Like the chronically ill do not already have enough problems, we shouldn’t have to worry about whether we will be able to get insurance. The bullshit we navigate on a daily, weekly, and monthly basis would send most people over the edge. This is probably why a lot of us are on anti-depressants, too. I used to think I needed them because my disease affected my brain chemistry, and being bed-ridden or at least housebound for months at a time would make anyone depressed…then one day I realized, nope, I think it’s the insurance company and the doctors’ offices’ billing people and the laws I’m constantly trying to get around. I am not actually depressed; I am slowly but surely just going insane.
Getting needed medications can be a huge hassle. We all know Xanax is a controlled substance, and yes, it is hard to get filled. But Lomotil? It’s like Immodium on crack. Not only can I not imagine what good would come out of overdosing on or abusing it, I feel comfortable saying that anyone who takes that much, once, will go so long between dumps, they will never do it again. Because of this, using my online pharmacy has become vastly more complex. I still end up having to purchase multiple drugs like this locally.
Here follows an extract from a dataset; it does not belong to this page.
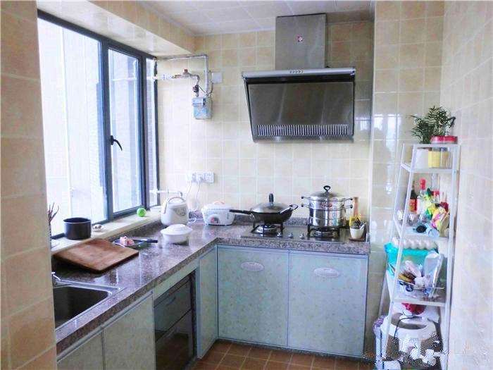 我家厨房没有装吊柜,做的L型的地柜,所以显得厨房很亮敞,但是要牺牲储物空间了。不过现在厨房完全够用了。

Needles are yet another pain in the ass. It amazes me that I can have a prescription for a vial of Solu-Cortef, which has to be administered intra-muscularly, and I cannot get a needle with which to inject it. Okay. I got a separate prescription from my doctor for the needles. Now when I refill the vial, I also have to refill the needles, and most of the time, the pharmacy still “forgets” the needles. For a short time, I took another injectable medication that required sub-q needles. The only way I could get them was to go to the pharmacist, and “show proof of need”. This required I bring my refrigerated vial with me to the pharmacy each time I needed needles. No, I am not joking.
I don’t even want to think about HIPAA. Shoot me. HIPAA was probably originally intended to protect patients from something, but I am so beyond any of that. I have searched and searched for a way to just waive my HIPAA rights…The hackers can easily get my information, but transferring records between doctors requires multiple in-person signatures, four vials of my blood, and the promise of my first-born’s hand in marriage.
Most everyone has probably experience the joy of purchasing decongestants. My fantastic state won’t allow you to get them unless you have a prescription, and for quite some time, probably in an arranged handshake of a backroom deal, you could not buy generics either. Also, some random lawmakers decide how much I can buy. So my two week supply of 12-hour pills is not 24 pills, because that would make sense. This also causes issue if my child gets sick. She doesn’t have an ID, so she cannot purchase any. Someone has to sacrifice theirs if everyone needs them at the same time. The answer? Stockpile. Which I imagine is the LAST thing the lawmakers intended, but screw them. And I have to answer twenty questions every time I buy them. “My doctor just told me to come here and get them,” is not an acceptable answer. At least I can buy them in another state. I simply get to feel like a criminal every time. Yay.
The best part of being chronically ill and having a rare disease that requires tons of medications to treat is the surprises that show up in drug tests. When I was still working, I flunked a drug test quite unexpectedly. This led to twenty phone calls until finally someone above me just decided he didn’t care. It turned out my stomach medicine had a teeny bit of something in it that set off the test. Life is never boring, at least.
And I have yet to call the insurance company to figure out why they won’t pay for sedation during a colonoscopy. I can’t wait.